Re: [RESULT][VOTE] FLIP-147: Support Checkpoint After Tasks Finished

Dawid Wysakowicz Fri, 16 Jul 2021 05:22:20 -0700

Hi all,

I must admit I think I agree with Till that the relation between
life-cycles of the (Stream)Task and the Operator is missing in the FLIP.
Moreover I am now a bit concerned that we missed the relation with
stopping with savepoint. I am still positive we can incorporate that in
the current efforts. At the same time I think the proposed Operator APIs
still make sense.


First I'd like to start from the Operator's point of view. *
*

*endOfInput vs finish*

The way I see the relation between endOfInput/finish/MAX_WATERMARK/close
is that basically endOfInput() and finish() are the same for one-input
operators and the difference for multi input operators is that
endOfInput is called for each input separately and then once all inputs
finish the finish() is called. For simplicity I will from now on use
just the finish method and leave the endOfInput out of the discussion.

*w drain vs w/o drain*

I agree we have two cases of finishing based on the reason:

 1. we consumed all data (bounded source or stop-with-savepoint w drain)
 2. stop-with-savepoint w/o drain

I think we're at the same page that finish() should be called only in
the first case. I suggest we keep the current behaviour that the we emit
MAX_WATERMARK separately and then call finish().
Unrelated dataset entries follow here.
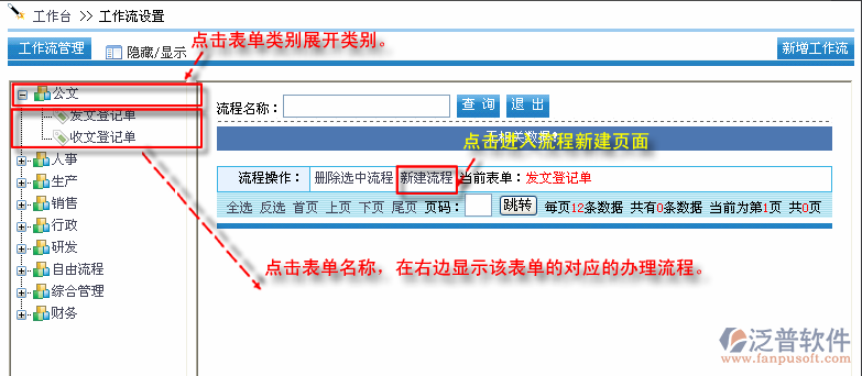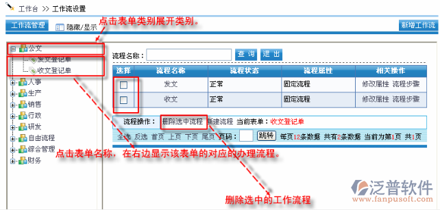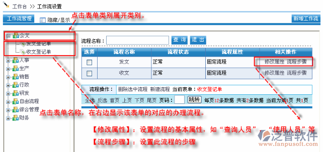 首先進入到【系統(tǒng)設置】-【工作流管理】-【工作流設置】頁面,點擊【流程名稱】列表中需要設置的流程名稱。如圖:
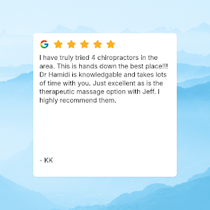 Dr. Hamidi believes that the best care doesn’t just chase symptoms—it builds resilience. That’s why his chiropractic care includes a holistic plan to support nervous system health, reduce inflammation, and enhance the body’s natural healing capacity.
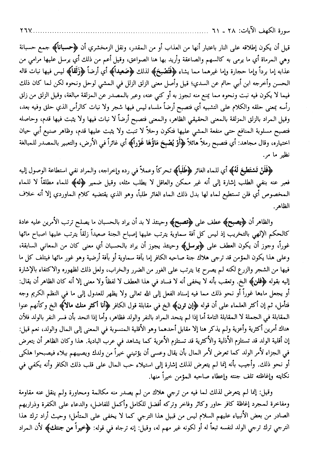 قيل أن يكون إطلاقه على النار باعتبار أنها من العذاب أو من المقدر، ونقل الزمخشري أن حُسْباناً جمع حسبانة وهي المرماة أي ما يرمى به كالسهم والصاعقة وأريد بها هنا الصواعق، وقيل أعم من ذلك أي يرسل عليها مرامي من عذابه إما بردا وإما حجارة وإما غيرهما مما يشاء فَتُصْبِحَ لذلك صَعِيداً أي أرضا زَلَقاً ليس فيها نبات قاله الحسن وأخرجه ابن أبي حاتم عن السدي قيل وأصل معنى الزلق الزلل في المشي لوحل ونحوه لكن لما كان ذلك فيما لا يكون فيه نبت ونحوه مما يمنع منه تجوز به أو كني عنه، وعبر بالمصدر عن المزلقة مبالغة، وقيل الزلق من زلق رأسه بمعنى حلقه والكلام على التشبيه أي فتصبح أرضا ملساء ليس فيها شجر ولا نبات كالرأس الذي حلق وفيه بعد، وقيل المراد بالزلق المزلقة بالمعنى الحقيقي الظاهر، والمعنى فتصبح أرضا لا نبات فيها ولا يثبت فيها قدم، وحاصله فتصبح مسلوبة المنافع حتى منفعة المشي عليها فتكون وحلا لا تنبت ولا يثبت عليها قدم، وظاهر صنيع أبي حيان اختياره، وقال مجاهد: أي فتصبح رملا هائلا أَوْ يُصْبِحَ ماؤُها غَوْراً أي غائرا في الأرض، والتعبير بالمصدر للمبالغة نظير ما مر.

For even-time based
scenarios this might be duplicated information, but it does not harm.
The order would be that we first emit MAX_WATERMARK and then call
finish(). Of course we would emit MAX_WATERMARK only in the first case.
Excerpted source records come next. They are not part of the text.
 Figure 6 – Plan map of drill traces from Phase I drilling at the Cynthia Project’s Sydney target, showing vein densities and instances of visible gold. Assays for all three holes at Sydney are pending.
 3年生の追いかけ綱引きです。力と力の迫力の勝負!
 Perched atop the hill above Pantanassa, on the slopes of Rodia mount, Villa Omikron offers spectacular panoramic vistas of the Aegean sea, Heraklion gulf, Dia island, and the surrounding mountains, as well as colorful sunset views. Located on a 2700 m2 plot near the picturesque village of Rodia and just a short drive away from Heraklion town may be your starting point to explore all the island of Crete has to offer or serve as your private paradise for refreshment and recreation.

Lastly the assumption should be that if there is finish() there will be
one extra snapshotState/notifyCheckpointComplete. For the w/o drain the
operator should not care when it is closed() or which savepoint was the
last one.

That's from the operator point of view.

Now I'd like to move on to the (Stream)Task point of view. I think here
lay the problems that we missed and Till rightly points those out.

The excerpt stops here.